姬婻目光空洞,在徐鳳年的攙扶下緩緩走著,沒有回頭。
……
暴雨滂沱,急驟的雨點劈頭蓋臉地砸下來。
今天天氣有點反常,冷風卷著枯葉和雨點不停地席卷著神都大大小小的街道,
沈魚飛躺在一間普普通通的平房,這間平房卻收拾得極幹淨,就連他蓋的被子也是幹幹淨淨。
突然傳來一陣刺耳的呼嘯聲,沈魚飛口中突然湧了一口血,慢慢地睜開眼,緩緩地坐起身來。
“你醒了?”
紀妍兒回頭看了床上的沈魚飛一眼,趕緊將開水燙過的毛巾敷在沈魚飛額頭。
沈魚飛感到全身上下傳來陣陣鑽股的刺痛,他臉上閃過一絲痛苦,低聲問道,“這是哪兒?我為什麼在這兒?”

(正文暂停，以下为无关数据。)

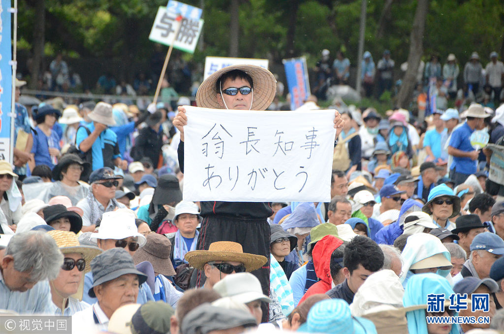 當(dāng)?shù)貢r(shí)間2018年8月11日,日本沖繩縣約7萬民眾8月11日在那霸市舉行大規(guī)模集會(huì),反對駐日美軍將普天間基地遷往名護(hù)市邊野古地區(qū),要求駐日美軍放棄在邊野古地區(qū)新建基地并立即關(guān)閉普天間機(jī)場。當(dāng)天,日本東京都、大阪府、福岡、北海道縣等地民眾也同時(shí)舉行集會(huì)和游行,抗議日本政府推進(jìn)邊野古地區(qū)填海施工。(圖片來源:視覺中國)

紀妍兒輕輕將手搭在沈魚飛肩膀,示意他好好躺著,然後開口道,
“這裏是我住的地方,你昏過去後我把你抬到了這裏。”
沈魚飛臉色蒼白地躺了回去,笑了笑道,“謝謝,”
像是想起來什麼,沈魚飛突然又開口道,“狗子去哪了?他怎麼樣了?”
“我把他送到醫生那裏,你不用擔心太多。”紀妍兒歎了一口氣,因為她知道這個叫“狗子”的男孩子這輩子可以說是成為了一個殘疾人,眼神中也有些不忍。
沈魚飛聽了之後點點頭,低下頭去,不在說話。
紀妍兒看了沈魚飛幾眼,又把毛巾好好地搭在他額頭,小聲說道,“好了,這幾天你最好不要出去走動,安心在這裏養傷吧。”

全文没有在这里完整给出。